I used the following program to test the implementation:
package systest
import "base:intrinsics"
import "core:fmt"
import "core:c"
import "core:sys/info"
import "core:sync"
main :: proc() {
// AMD64 FreeBSD 14.0
// ARM64 FreeBSD 14.0
// AMD64 NetBSD 10.0
SYSCALL_FORK :: 2
SYSCALL_READ :: 3
SYSCALL_SYSCTL :: 202
CTL_KERN :: 1
KERN_HOSTNAME :: 10
KERN_VERSION :: 4
size_t :: u64 // confirmed unsigned on FreeBSD, unsure on NetBSD
fmt.println("Trying to get KERN.HOSTNAME via SYSCTL syscall...")
hostname_mib := [?]c.int { CTL_KERN, KERN_HOSTNAME }
ctlbuf: [256]byte = ---
length := cast(size_t)len(ctlbuf)
// intrinsics.syscall_bsd(SYSCALL_READ, 0xdeadbeef, 0xdeadbeef, 0xdeadbeef, 0xdeadbeef, 0xdeadbeef, 0xdeadbeef)
result, ok := intrinsics.syscall_bsd(
SYSCALL_SYSCTL,
cast(uintptr)&hostname_mib[0],
cast(uintptr)len(hostname_mib),
cast(uintptr)&ctlbuf[0], // oldp
cast(uintptr)&length, // oldlenp
0, // newp
0, // newlen
)
hostname := transmute(string)ctlbuf[:min(len(ctlbuf), cast(int)length)]
fmt.printfln("result, ok: %v, %v", result, ok)
fmt.println("hostname:", hostname)
fmt.printfln("\n%#v", info.os_version) // initialized native on FreeBSD, libc on NetBSD
// NetBSD __futex test
when ODIN_OS == .NetBSD {
SYS___futex : uintptr : 166
FUTEX_PRIVATE_FLAG :: 128
FUTEX_WAIT_PRIVATE :: 0 | FUTEX_PRIVATE_FLAG
futex := new(int)
expected := 1
error, ok2 := intrinsics.syscall_bsd(SYS___futex, uintptr(futex), FUTEX_WAIT_PRIVATE, uintptr(expected), 0, 0, 0)
fmt.println(error, ok2)
}
}
I have removed the +{-style clobber mechanism that was being used for FreeBSD. I couldn't find the + symbol neither in the documentation nor in LLVM header files.

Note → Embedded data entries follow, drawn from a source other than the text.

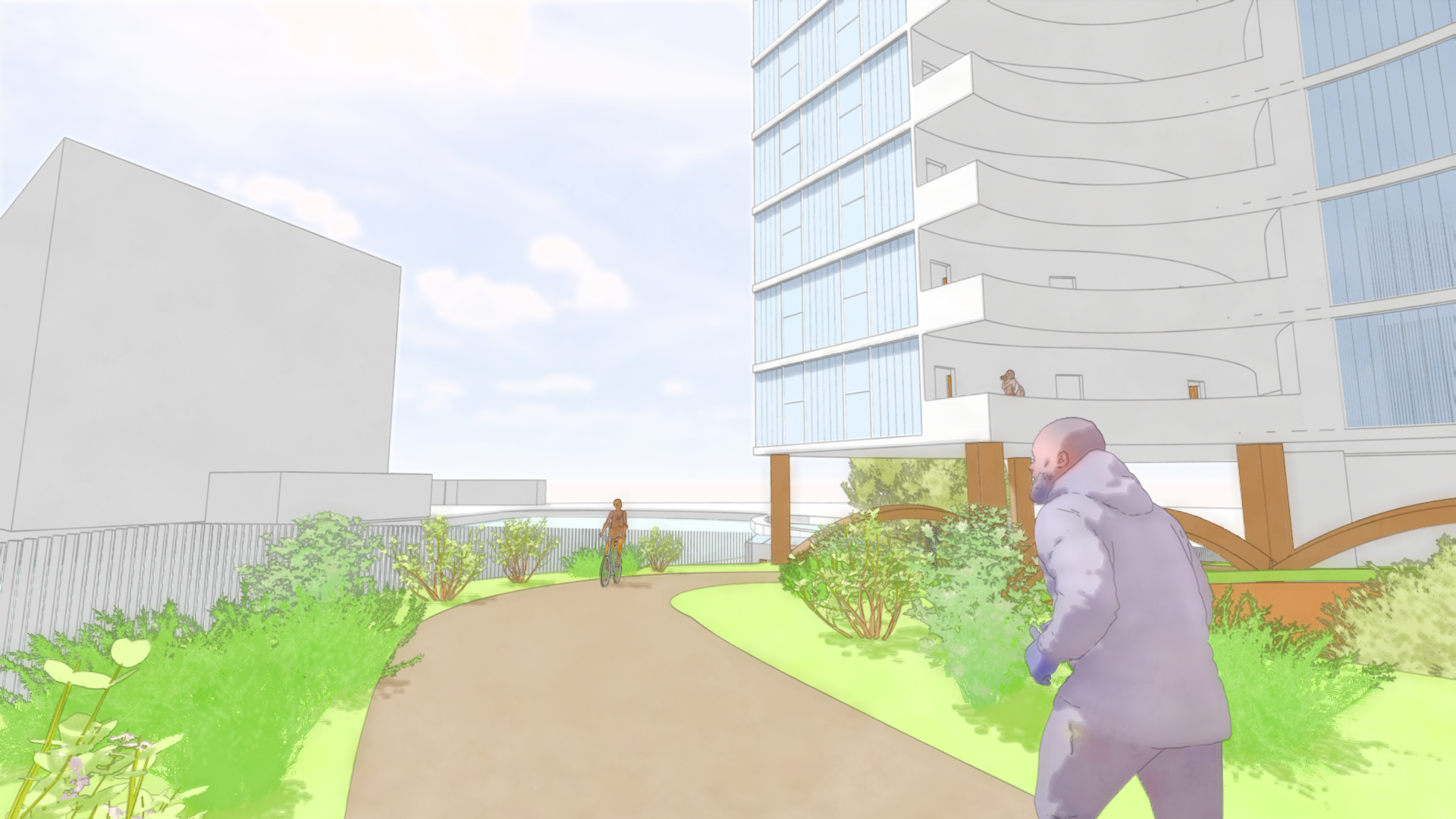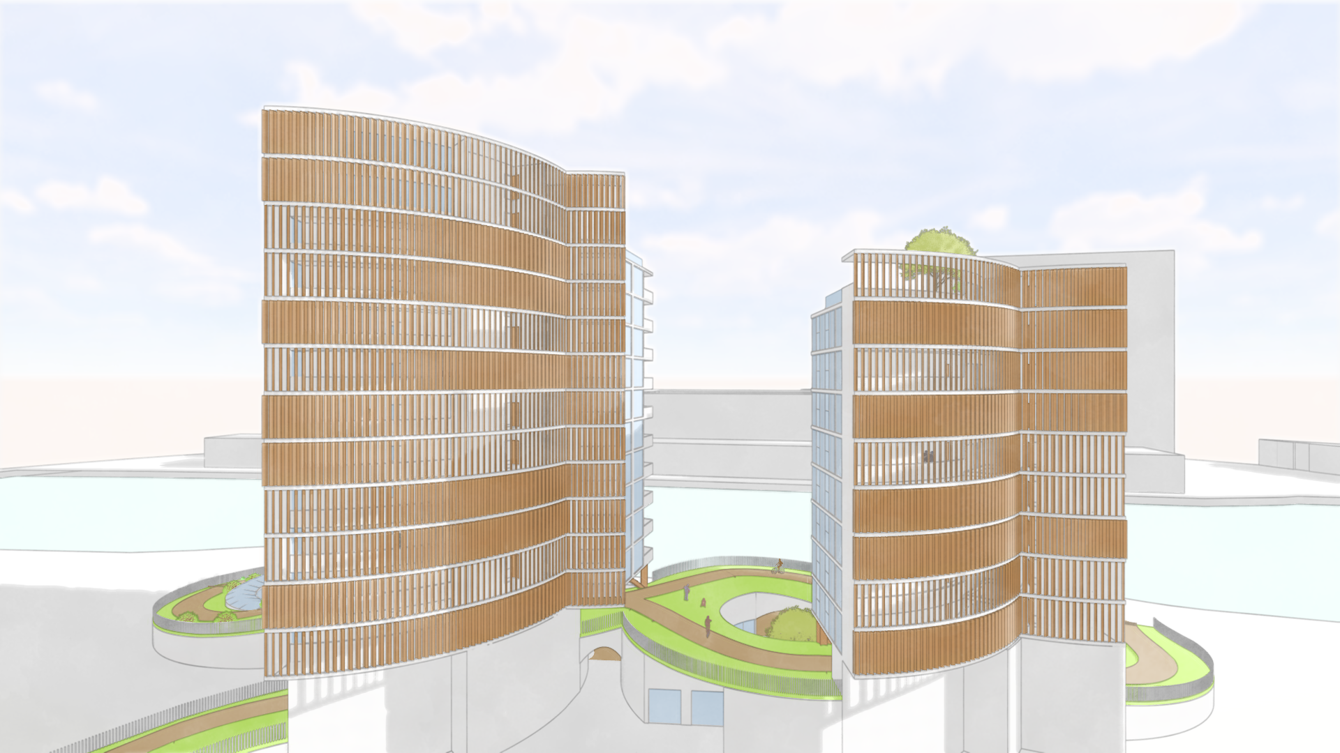 The design introduces a hybrid precinct where living, working, resting, and gathering are seamlessly integrated. It is a building that responds to people, place, and pattern, inspired by the movement of water, the gathering of people at attractor points, and the lightweight, tensile nature of natural structures. The design weaves together:
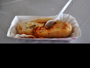 Our food of the day for day 2 of Jazz Fest, the Crawfish Strudel.
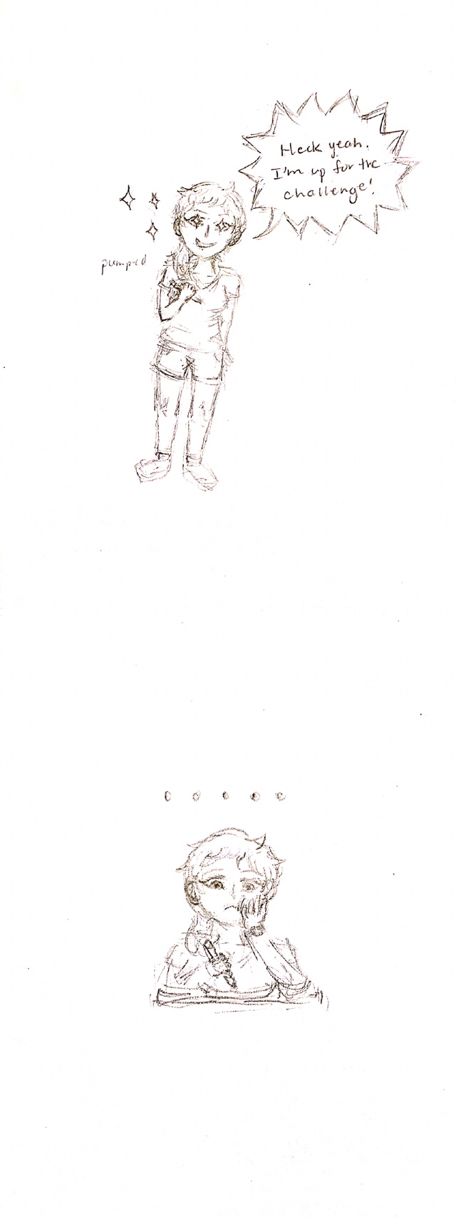 My attempt at drawing a mini comic. I'm still getting used to formatting. It took foreveer… There's a lot of tiny dots because of eraser crumbs. ✏️ I'm thinking of starting a Webtoon, but I'm not sure when exactly…

I have switched the syscall to always clobber R8-R10, with my understanding being that there's no way to tell if LLVM will cache a value in one of those registers there, whether or not we have used them as arguments for the syscall being irrelevant.
Sounds good to me. The FreeBSD stuff was entirely dry-coded, because I happened to look into system call semantics because I ran into interesting crashes the moment I started doing optimized Linux builds a looooooong time ago.
All in all, the optimization-clobbering situation was the most pernicious issue with getting this right. Initially, everything was fine, until I did a speed build.
And now we've come full-circle.
- @andreas-jonsson I have updated your native NetBSD futex implementation to use the new
syscall_bsd. I want to note that I saw you were casting the result to anintand checking against-1. Did this actually work? I was a bit confused, because when I tried it with the new syscall - which doesn't do any sort of casting or signing - returned a regular positive error number into auintptr. I would have expected a very large number if NetBSD returns negative numbers on error. If you could take a look at the updated code, I would appreciate it.
I have to check. I think I just copied the Linux code. Since it was suppose to be API compatible.
It probably is API compatible but not necessarily ABI compatible, if I had to take a guess based on everything I've seen so far.